The digital playbook for a stroke stroke patient is different from hospital to hospital. If everyone is in a channel that has access to the digital playbook, it will be followed. You’re making sure that everyone takes care of their steps in the playbook, and you’re using some assistive AI technology to predict what the next step should be. That’s a big plus and that is a big win for the patient, the hospital, and the healthcare system. It’s a really good use of new artificial intelligence technology. I think we will see that coming relatively soon.
Alerting when things don’t happen properly, if messages don’t get sent, is already pretty much there. It’s the keeping track of what should be done in a playbook manner for each patient and for each condition that will be the future.
Are health systems doing anything to integrate messaging with the EHR?
Almost everyone stores the actual messages, archiving them or keeping them in a offsite facility. They choose how to long to hold this. But very few want this to be a part of the medical record, for good reason. In many cases, these are conversations happening between clinicians. It’s like a hallway conversation. Would you really want every hallway conversation written into the medical record?
There are places where you need to be written in, and other places where you need it to be accessed down the road, but you’re going to clutter up a medical record with an awful lot of chatter around a patient if you wrote every conversation into the record. That being said, you may want to access it at a future date, so you need it to be archived, but you don’t want to bring back hundreds of pages of conversation in the medical record around the patient. You’re asking people to search through a lot of data for limited value.
Phone use went from calls to texts and then to two-way video like FaceTime. Are you seeing health system demand for that video capability?
There is demand, and we are moving down that path. The big use case is, “I need to show you something, but you’re not with me at the moment.” That’s the use case of video. You and I are working together. We have a patient or something of interest in common. We are in different facilities across town, you need to show me something, and I can’t be there standing next to you.
The video will give that opportunity. You have a smartphone in your hands that has camera capability. I can receive it. I can look at something with you on using the voice side of it. I can illustrate what I am seeing, ask for an opinion, or let someone know of something that will interest them that they should be aware of.
The challenge is that video is bandwidth heavy, and wireless requirements in healthcare systems are growing exponentially. If you’re going to add a lot of video onto your network,you’ll have to do some physical infrastructure planning to support it.
You have an unusual perspective in being a vendor that is owned by hospital operator HCA. How is the business environment changing for digital health companies?
I’m fortunate, and our team here is fortunate, to see how our parent company operates and how they make decisions around not only acquiring technology, but also business decisions around staffing and growing the business into different areas.

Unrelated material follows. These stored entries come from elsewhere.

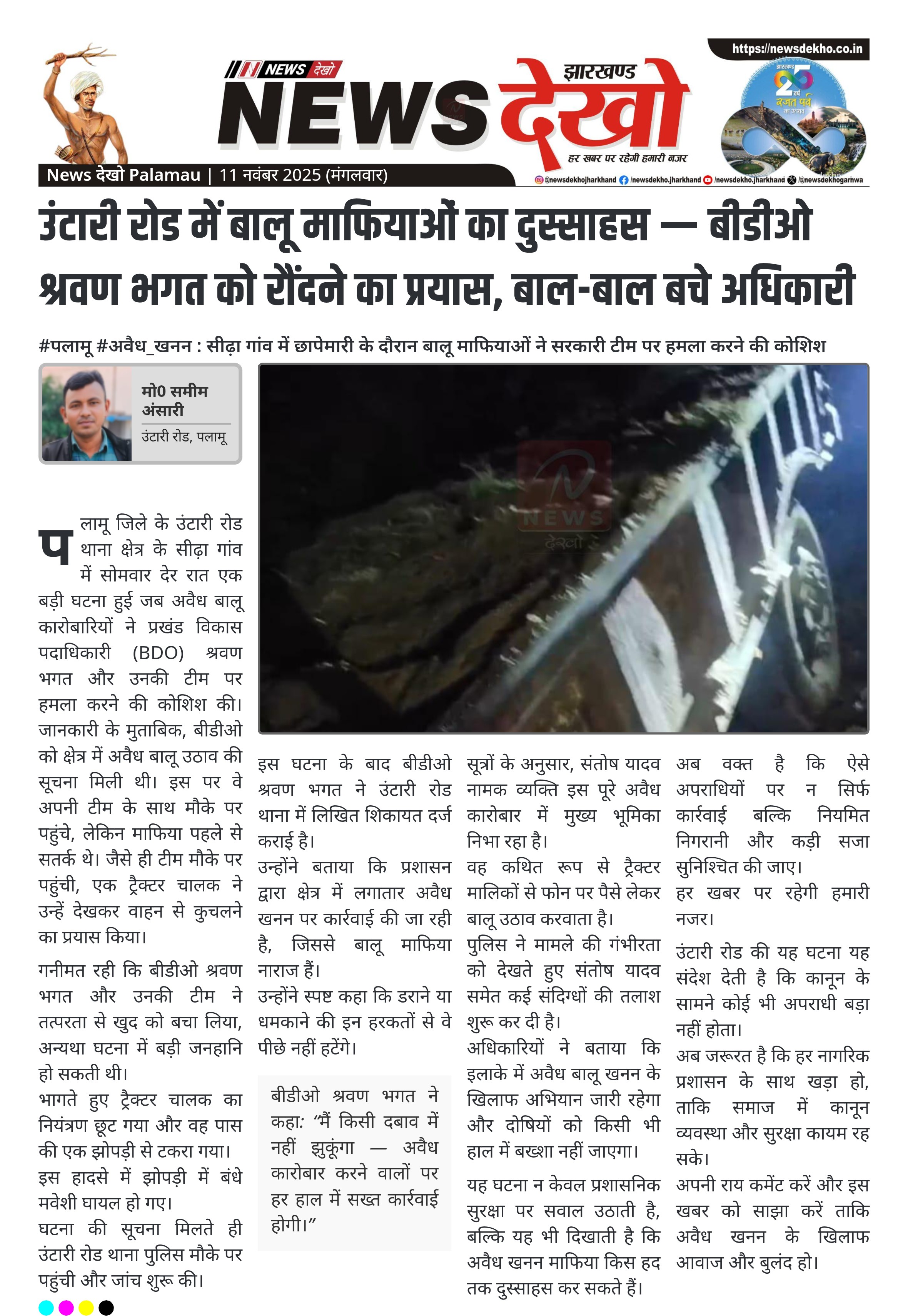 पलामू जिले के उंटारी रोड थाना क्षेत्र के सीढ़ा गांव में सोमवार देर रात एक बड़ी घटना हुई जब अवैध बालू कारोबारियों ने प्रखंड विकास पदाधिकारी (BDO) श्रवण भगत और उनकी टीम पर हमला करने की कोशिश की।
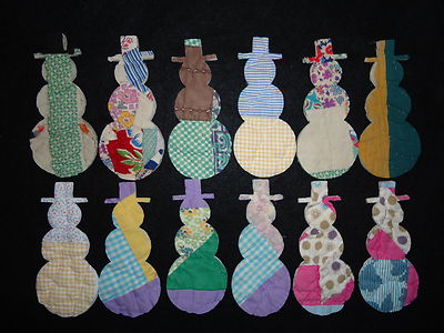 Title (ebay affiliate link): 12 PRIMITIVE ANTIQUE CUTTER QUILT SNOWMEN CHRISTMAS WINTER - FOLK ART
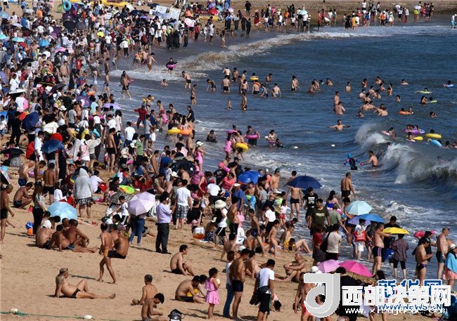 7月1日,人們?cè)谇鄭u第一海水浴場(chǎng)海灘上游玩。新華社記者 李紫恒 攝
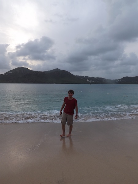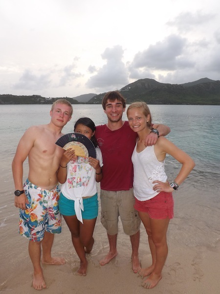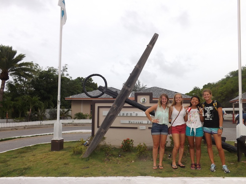 After a sweet five-hour sleep on a gently rocking Ocean Star, we awoke to sunny skies and the lovely surroundings of Falmouth Harbour. We washed up the dishes, tidied from the previous day’s adventure, and reflected on the passage. With the engine fired up, we made the short trip around the headland and docked at historic Nelson’s Dockyard. This National Park was once the home of Admiral Horatio Nelson, and many of the dockyard buildings were constructed in the 1700s. Our traditionally-rigged Ocean Star looks at home here, though she needed some loving care after her 32-hour passage. We washed and waxed her, and now she’s the highlight of the dockyard. After boat appreciation, shipmates enjoyed shore time, taking the opportunity to do laundry and take a shower. When I walked past in the early afternoon, many of them were happily eating sit-down lunches at a cafe overlooking the water. In the evening, we packed up burgers and buns and walked to Pigeon Beach. A fire pit was dug underneath a palm tree, and Tor grilled up dinner. As the sun went down, we enjoyed good food, each other’s company, and the fact that we were on solid ground.
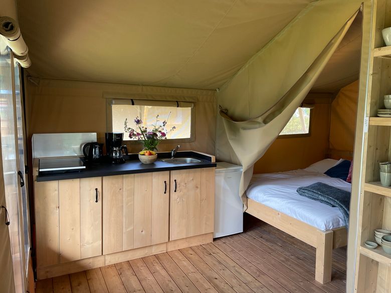 Op de camping staan twee stoere en robuuste safaritenten die ruimte bieden aan vijf personen. De tenten zijn modern en luxe ingericht. De voorkant van de safaritent kan volledig worden geopend, wat bij mooi weer zorgt voor een heerlijk open gevoel. Daarnaast beschikt elke tent over een terras met een luifel, zodat je ook bij minder goed weer comfortabel buiten kunt zitten. Binnenin vind je een ruime en gezellige voorcabine waar je heerlijk kunt ontspannen. De keuken is van alle gemakken voorzien en uitgerust met stromend water. In het keukenkastje staan pannen en servies klaar om al het lekkers dat je bereidt op de elektrische kookplaat te serveren. Verder is de keuken voorzien van een koelkast, een koffiezetapparaat en een waterkoker. De tent beschikt over twee slaapcabines. Beide cabines hebben een tweepersoonsbed (140 × 200 cm), en in één van de kamers is daarnaast een stapelbed aanwezig. Beddengoed is inbegrepen, zodat je zonder zorgen kunt genieten van een goede nachtrust. Hoewel de safaritenten geen eigen sanitair hebben, kun je gebruikmaken van het ruime, moderne sanitairgebouw op de camping, waar je gratis kunt douchen.

One trend that doesn’t seem to be going away, both in our world but also in that of our customers, is the pressure on staffing and cost. Staffing costs are going up, and you have a couple of choices to try to address that. One is to hire more staff, which is difficult because the people just aren’t there. If you look at the number of nurses entering and leaving the profession, you have a potential 10 to 20% staffing gap in five years in just that individual role alone. Roll that across your whole system and that’s a pretty big gap.

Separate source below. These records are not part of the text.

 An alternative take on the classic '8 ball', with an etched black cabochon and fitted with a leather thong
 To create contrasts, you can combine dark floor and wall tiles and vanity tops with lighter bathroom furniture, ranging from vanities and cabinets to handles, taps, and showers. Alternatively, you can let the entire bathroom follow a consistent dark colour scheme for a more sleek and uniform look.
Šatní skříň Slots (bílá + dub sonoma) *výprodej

You can’t hire your way out of the problem, so what can you do? You can decrease the quality of patient care by assigning more patients to each caregiver, but that’s not a very good thing when the quality of care begins to slip. Now you look at other ways of mitigating this issue, and technology plays a role. It’s not a panacea. It won’t solve every problem. But it certainly serves a role, along with making operational changes.
If you can reduce operational challenges using technology — make the clinician available to the patient more frequently or cut down their non-productive time so that they are practicing medicine instead of standing in front of a workstation on wheels – you have a chance of solving this problem. We are looking at the operational side of the clinician’s world and how our communication capabilities can improve it. How can we make them more efficient? How can we increase their job satisfaction? How can we increase their time spent with patients and decrease the time they spend on administrative tasks?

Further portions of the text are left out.